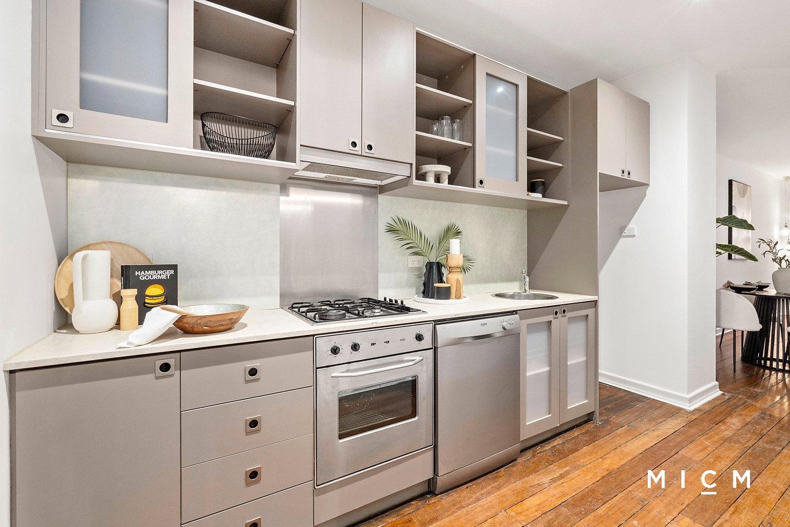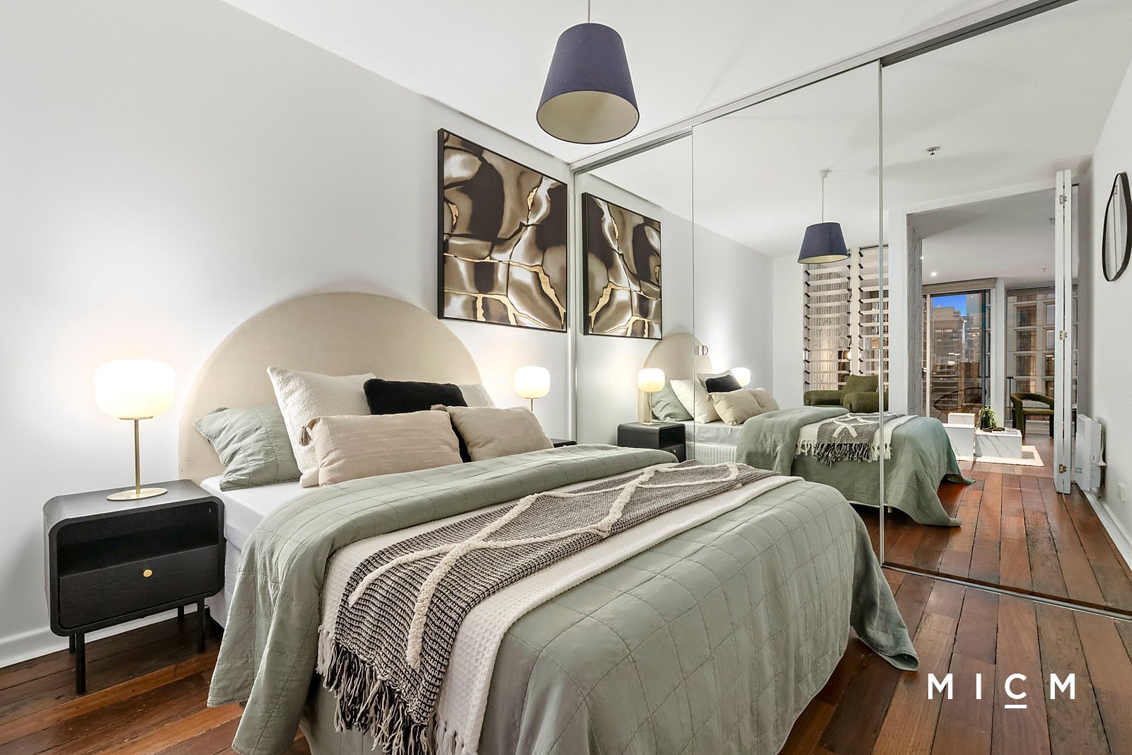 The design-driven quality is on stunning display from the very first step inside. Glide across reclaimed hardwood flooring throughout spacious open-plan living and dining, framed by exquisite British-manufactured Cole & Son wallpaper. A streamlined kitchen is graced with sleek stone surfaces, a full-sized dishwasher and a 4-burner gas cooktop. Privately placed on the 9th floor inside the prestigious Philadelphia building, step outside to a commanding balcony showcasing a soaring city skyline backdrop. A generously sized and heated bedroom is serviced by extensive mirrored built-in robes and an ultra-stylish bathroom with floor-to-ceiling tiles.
...
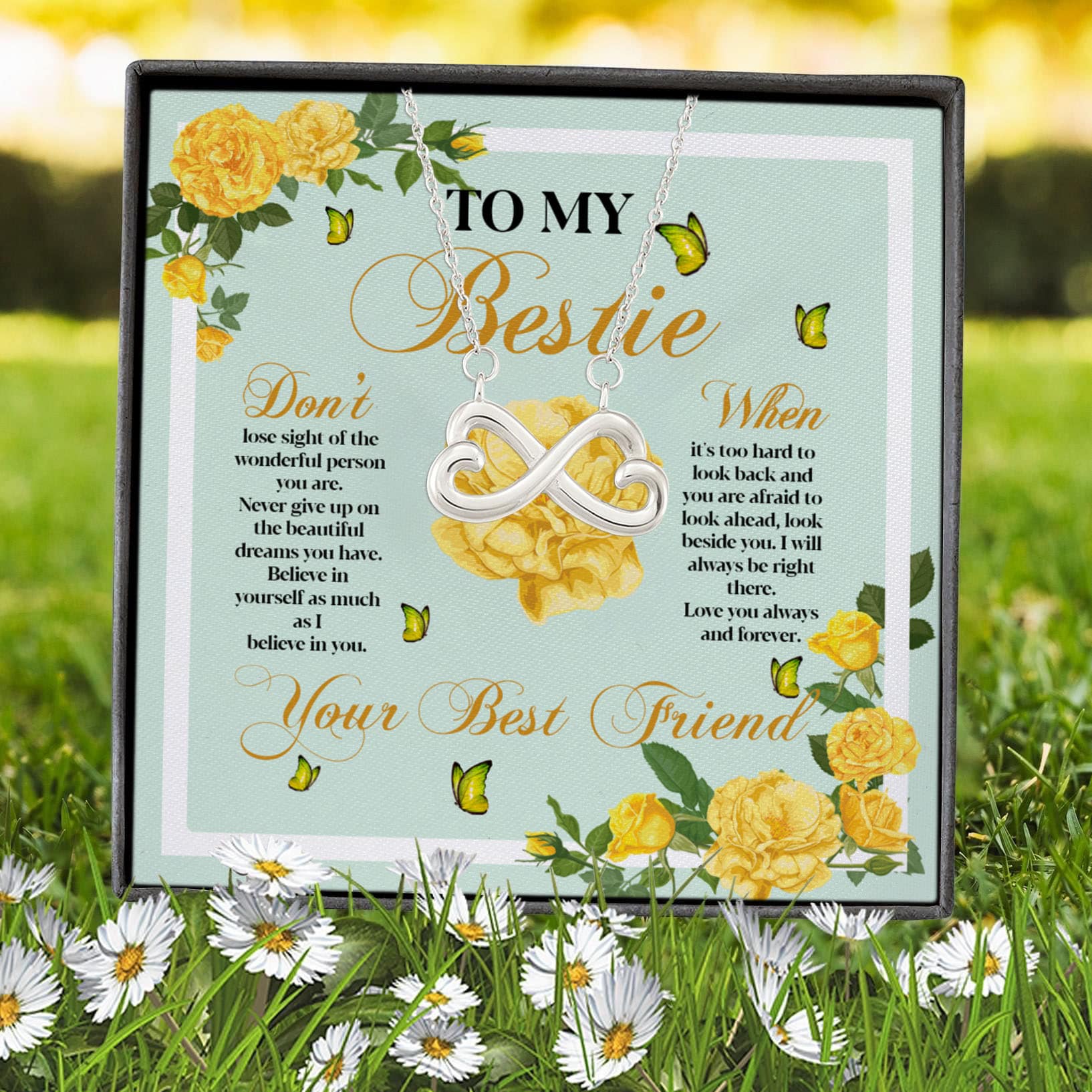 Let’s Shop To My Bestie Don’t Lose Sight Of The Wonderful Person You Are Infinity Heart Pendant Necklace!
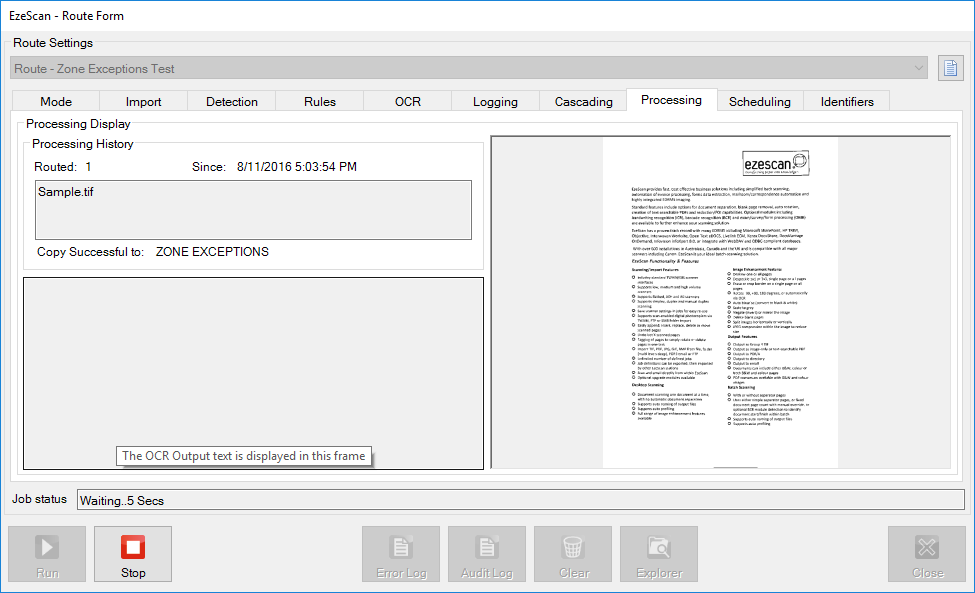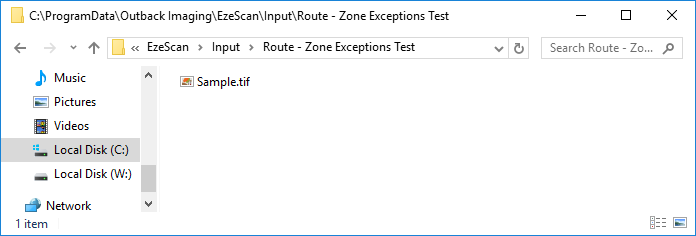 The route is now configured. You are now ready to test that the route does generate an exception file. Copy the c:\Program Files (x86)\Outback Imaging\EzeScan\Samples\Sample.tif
...
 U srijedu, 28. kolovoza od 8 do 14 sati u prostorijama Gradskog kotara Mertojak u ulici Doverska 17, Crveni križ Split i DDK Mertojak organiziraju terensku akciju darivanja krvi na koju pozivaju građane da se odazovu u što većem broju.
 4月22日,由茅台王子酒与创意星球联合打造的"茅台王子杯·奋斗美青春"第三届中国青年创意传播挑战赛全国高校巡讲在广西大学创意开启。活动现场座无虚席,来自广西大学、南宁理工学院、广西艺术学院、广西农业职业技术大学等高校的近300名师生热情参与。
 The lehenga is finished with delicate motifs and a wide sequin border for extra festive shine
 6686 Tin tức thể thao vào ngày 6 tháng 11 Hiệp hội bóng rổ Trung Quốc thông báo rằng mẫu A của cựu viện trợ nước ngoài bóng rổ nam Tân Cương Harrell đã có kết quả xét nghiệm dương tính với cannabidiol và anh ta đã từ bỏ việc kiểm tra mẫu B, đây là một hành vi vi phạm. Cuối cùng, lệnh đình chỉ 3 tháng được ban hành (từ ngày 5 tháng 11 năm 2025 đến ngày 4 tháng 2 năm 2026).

> [What you have to do]
Of the lines above, quote exactly those from the one with "Let’s Shop To" through the one with "The route is", ends included; pictures stay out.

> [Expected answer]
 Let’s Shop To My Bestie Don’t Lose Sight Of The Wonderful Person You Are Infinity Heart Pendant Necklace!
 The route is now configured. You are now ready to test that the route does generate an exception file. Copy the c:\Program Files (x86)\Outback Imaging\EzeScan\Samples\Sample.tif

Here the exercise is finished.